Reykjavik's Blue Lagoon

The Blue Lagoon is one of Reykavik’s most famous attractions: A wide thermal pool that draws families, couples and simply the curious, who wade through the hot spots, sip beer beneath a bridge, slather mineral mud on their faces.

It’s part tourist trap, part transcendent voyage into an ethereal universe. Steam rises from the pool, carved from a lava landscape that looks like it should be on the moon. It’s an attraction for real people with real bodies; cellulite is a familiar here, and nobody winces at it.

I don’t expect it to be a social experience. But soaking, it seems, brings out the chat.

A lovely Norwegian mom and her 15-year-old, Ingeborg, advise us about the mud. Don’t get it too close to your eyes, the mom warns.

From there we move to fishing – the Mediterranean is losing it’s tuna, we’ve read – and whale hunting, still practiced in Norway.

What do these Norwegians think about it? The mom thinks it’s OK, as long as the fishermen are conservative about the haul. The daughter thinks it’s not a good idea. “Why do it when there are other resources?’’ she asks.

The mom, dad and daughter have spent two weeks driving around Iceland. Ingeborg has liked the Westfjords best … but thinks the roads need help.

The subject moves to America; it always does. “Americans are egocentric, I think,’’ says the daughter. “The spotlight is always on them. And Americans, they are always afraid,’’ she says. She’s never visited the U.S., but she clearly reads. She’s always had opinions, the mother says.

The daughter doesn’t understand the outcome of the last presidential election. Another election is coming soon, I tell her.

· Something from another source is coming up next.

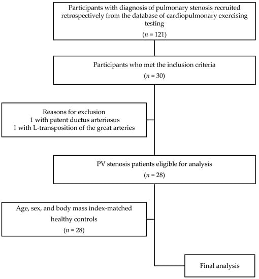 We retrospectively examined the medical records of patients with isolated PS, which were obtained from the Pediatric Outpatient Department of Kaohsiung Veteran General Hospital in Taiwan. Thirty patients with PS were enrolled in this study between December 2013 and January 2022. The study included patients who were aware of the steps involved in treadmill exercise testing and could complete the test without demonstrating abnormal electrocardiographic findings or symptoms. Patients with other CHDs (e.g., ventricular septal defect, atrial septal defect, and patent ductus arteriosus) and those with current or a history of arrhythmia were excluded. All patients had a typical form of PS. Patients who underwent surgery or BPV had severe or moderate PS with progressive symptoms while those who received follow-up care had mild or asymptomatic moderate PS. Current guidelines were applied while managing the patients [3]. After body composition measurements, all patients underwent CPET and pulmonary function tests.

A Spanish couple joins in. He works for an American multinational. The coming American election is a hot topic among Europeans; they always want to know who will win. We don’t know, we tell them.

The Spaniards, too, have spent a couple of weeks driving around Iceland. “I’m a curious person,’’ he tells us. “I came here for a few days once on business. I thought it would be interesting to look around.’’

They’ve enjoyed it here, but thought the geothermals at Yellowstone more impressive – especially when combined with Yellowstone's wildelife. Still, Iceland has fjords with icebergs .. something you can’t see in Wyoming.